Task to carry out → Retype each record below word for word. Leave the pictures out.

Data shown →
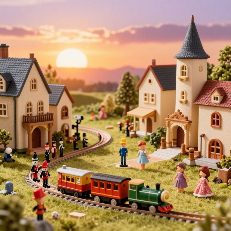 Toyland scene showing a fantastical miniature village made entirely of toys, with toy soldiers, trains, and dolls interacting under a glowing sunset, intricate textures and enchanting lighting, inspired by a storybook illustration style.
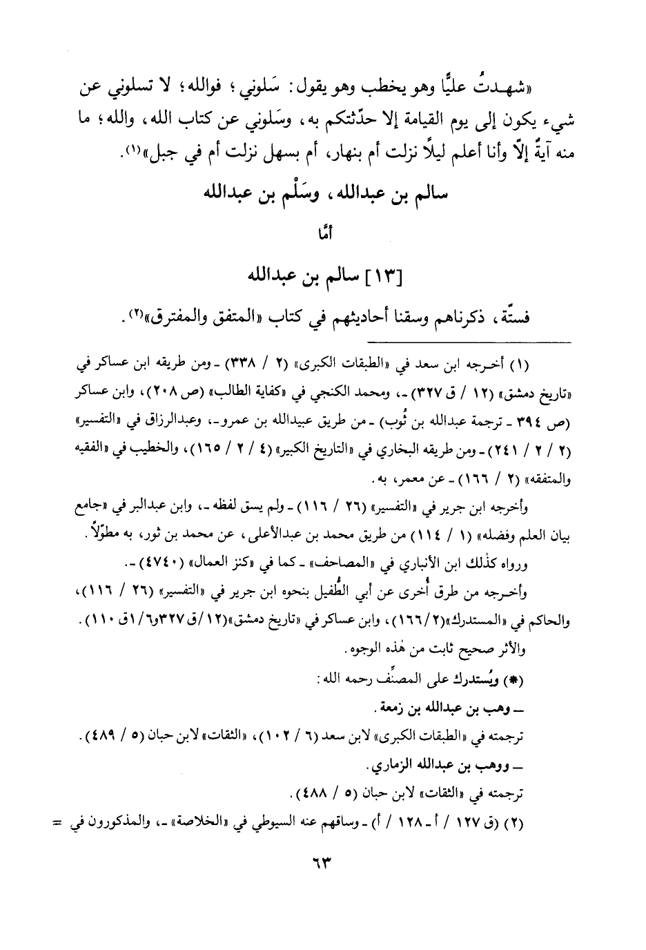 سَالم بن عبد الله وَسلم بن عبد الله أما (13) سَالم بن عبد الله فستة ذَكَرْنَاهُمْ وسقنا أَحَادِيثهم فِي كتاب الْمُتَّفق والمفترق
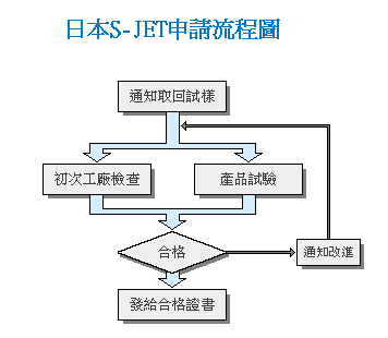 S-JET是日本為了加強業者自主安全驗證而產生的民間專門的第三者機關認證制度,日本電氣安全環境研究所JET(Japan Electrical Safety & Environment Technology Laboratories) 成立於1963年,是日本政府指定的實施型式認可實驗的機構,日本通商產業省 (METI) 指定其進行電氣產品製造廠生產上市前的工廠審查和產品測試頒發的證書,採自願性認證,需要做訪廠檢查。
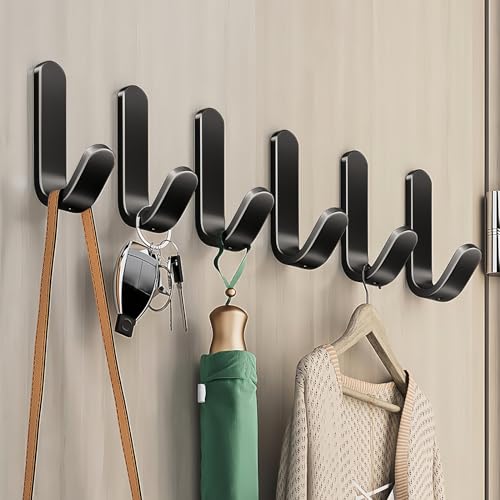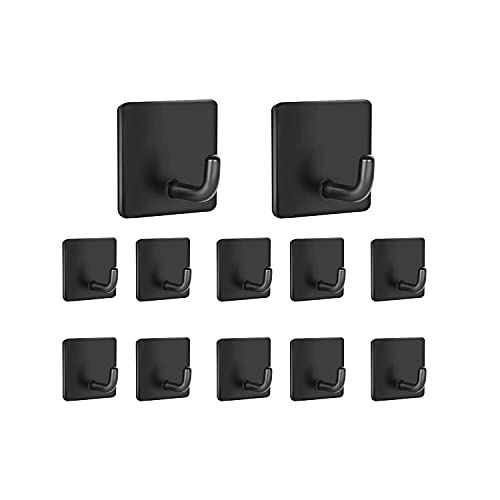 Krokar Självhäftande Handdukskrokar 12 Stycken,IZRA Rostfritt Stål Självhäftande Krokar Väggkrokar Handdukshållare Kökskrokar Klädkrokar Dörrkrokar, Perfekt för Badrum Toalett Kök Kontor, Svart
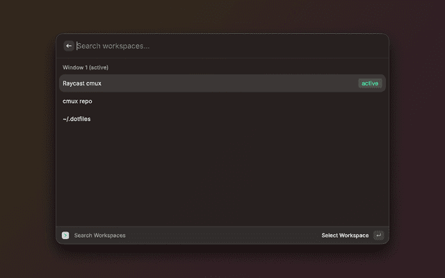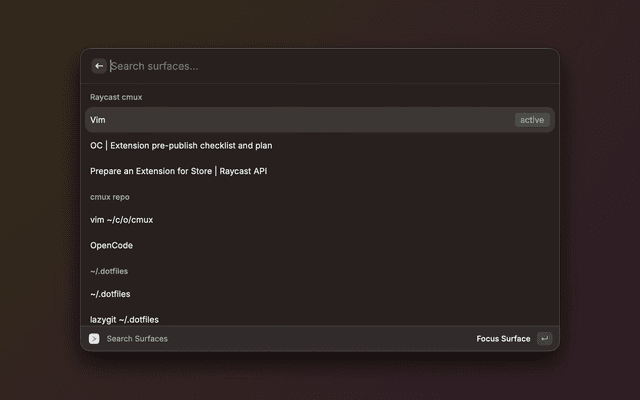 This extension lets you control cmux without leaving your keyboard. Commands are available via Raycast to navigate and manage your workspaces and surfaces directly from anywhere on your Mac.
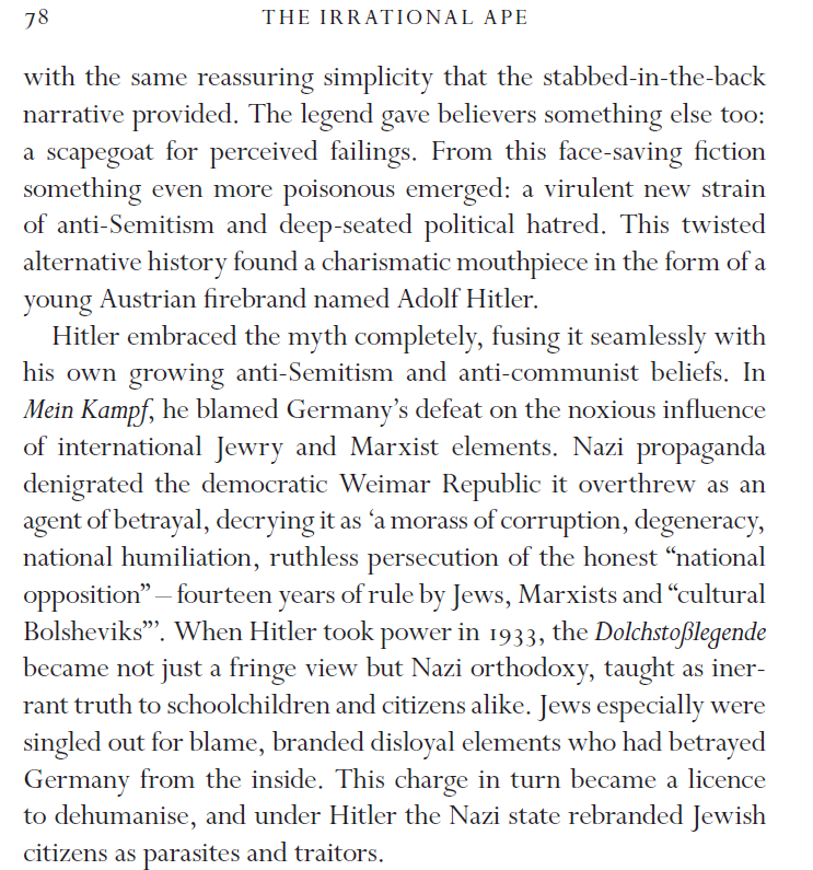..after defeat of Germany in the first world war, the far right contingent looked for a scapegoat. Thus was born the Dolchstoßlegende, the stab-in-the-back-myth. As I explain in my book #TheIrrationalApe, Jews were again demonised by Nazi orthodoxy (6/8)pic.twitter.com/r5KRk5ZfKi
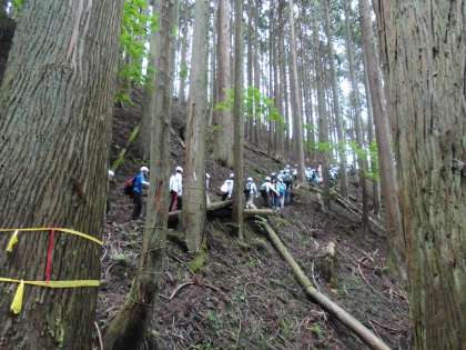 山の家から見える寺山の頂上に着くと,山の家に向かって「ヤッホー」と叫んでみましたが,本部には聞こえなかったようです。風向きがいいとちゃんと聞こえるそうです。

Problem solution →
 Toyland scene showing a fantastical miniature village made entirely of toys, with toy soldiers, trains, and dolls interacting under a glowing sunset, intricate textures and enchanting lighting, inspired by a storybook illustration style.
 سَالم بن عبد الله وَسلم بن عبد الله أما (13) سَالم بن عبد الله فستة ذَكَرْنَاهُمْ وسقنا أَحَادِيثهم فِي كتاب الْمُتَّفق والمفترق
 S-JET是日本為了加強業者自主安全驗證而產生的民間專門的第三者機關認證制度,日本電氣安全環境研究所JET(Japan Electrical Safety & Environment Technology Laboratories) 成立於1963年,是日本政府指定的實施型式認可實驗的機構,日本通商產業省 (METI) 指定其進行電氣產品製造廠生產上市前的工廠審查和產品測試頒發的證書,採自願性認證,需要做訪廠檢查。
 Krokar Självhäftande Handdukskrokar 12 Stycken,IZRA Rostfritt Stål Självhäftande Krokar Väggkrokar Handdukshållare Kökskrokar Klädkrokar Dörrkrokar, Perfekt för Badrum Toalett Kök Kontor, Svart
 This extension lets you control cmux without leaving your keyboard. Commands are available via Raycast to navigate and manage your workspaces and surfaces directly from anywhere on your Mac.
..after defeat of Germany in the first world war, the far right contingent looked for a scapegoat. Thus was born the Dolchstoßlegende, the stab-in-the-back-myth. As I explain in my book #TheIrrationalApe, Jews were again demonised by Nazi orthodoxy (6/8)pic.twitter.com/r5KRk5ZfKi
 山の家から見える寺山の頂上に着くと,山の家に向かって「ヤッホー」と叫んでみましたが,本部には聞こえなかったようです。風向きがいいとちゃんと聞こえるそうです。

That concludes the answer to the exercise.